I have started watching some tutorial videos online as well as reading on frequency dividers because at current i have no idea how to wire up the frequency divider you linked or what each pin is used for from the data sheet so i will do more research tomorrow but for now its to late thanks.

What is this particular method called i've heard people discuss divisions of crystal frequencies but no body names the type of circuit could you provide an example circuit or what could i type into google to get an example of this.

A [u]Type-T Flip-Flop[/u] is a divide by 2 circuit. Frequency dividers are usually made from flip-flops.

As far as building an oscillator circuit - In most cases, it's easier to buy a [u]crystal oscillator[/u] than to buy a crystal and build your own oscillator circuit.

These circuits are called counters or frequency dividers.
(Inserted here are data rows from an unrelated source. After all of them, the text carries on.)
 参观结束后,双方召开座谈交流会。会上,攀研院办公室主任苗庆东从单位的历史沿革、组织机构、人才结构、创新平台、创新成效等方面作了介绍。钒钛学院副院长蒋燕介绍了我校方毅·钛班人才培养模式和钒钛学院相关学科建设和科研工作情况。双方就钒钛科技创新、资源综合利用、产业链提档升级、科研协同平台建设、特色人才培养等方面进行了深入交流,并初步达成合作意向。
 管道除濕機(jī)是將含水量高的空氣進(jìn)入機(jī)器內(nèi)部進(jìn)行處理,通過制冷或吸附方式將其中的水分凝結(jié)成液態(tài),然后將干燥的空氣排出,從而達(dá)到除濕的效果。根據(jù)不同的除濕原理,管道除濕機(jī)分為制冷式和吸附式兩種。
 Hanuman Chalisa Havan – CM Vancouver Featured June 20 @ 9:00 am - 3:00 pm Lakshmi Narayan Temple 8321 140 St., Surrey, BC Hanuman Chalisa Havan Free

CrossRoads gave you a link to them. You need a divide by 6 followed by a divide by 12, because 6 X 12 is ?

Jiggy-Ninja:
Is there some reason that a 56 kHz crystal would need to be large, but a 32.768 kHz crystal can be made small enough to use in a watch?

Google it, the low frequency clock crystals are actually tuning forks.
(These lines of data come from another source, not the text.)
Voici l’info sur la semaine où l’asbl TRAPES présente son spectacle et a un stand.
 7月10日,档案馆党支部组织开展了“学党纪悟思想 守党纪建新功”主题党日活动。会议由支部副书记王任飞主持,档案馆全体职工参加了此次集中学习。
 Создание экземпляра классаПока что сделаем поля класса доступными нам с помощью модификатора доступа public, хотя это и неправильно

Why this frequency, and how stable does it have to be.
56kHz sounds like a remote control transmitter frequency.
Done that both with a Cmos 555 and an Arduino.
Both we stable/accurate enough for the task.
Leo..

Shandy:
Hi All,

I am revisiting a electronics project i previously worked on in which a circuit was devised using a 555 timer to create a astable 56 Khz square wave, the reason for revisiting was because thermal drift and overall circuit capacitance with electrical noise resulted in poor reliability and operational efficiency in the resulted waveform.

What are you trying to do ?

555 56 KHz why ?
Do you need a stable clock ?

Go to Mouser Electronics (Mouser.com) and search for the CD4060 chip. Download the pdf spec sheet and it shows a simple way to use the CD4060 with a crystal or resonator (Mouser also has low frequency crystals - tuning fork design which can be used with the CD 4060). You can use the crystal frequency directly, or the CD4060 allows various powers of 2 divisions of that frequency all the way up to 16384. Usually, by picking a common crystal frequency and the correct division, you can get what you want. Multiple CD4060s can be cascaded to get very low frequencies off the oscillator. The CD4060 will run off a wide range of voltages and its outputs are TTL compatible. Available in pin and SMD versions.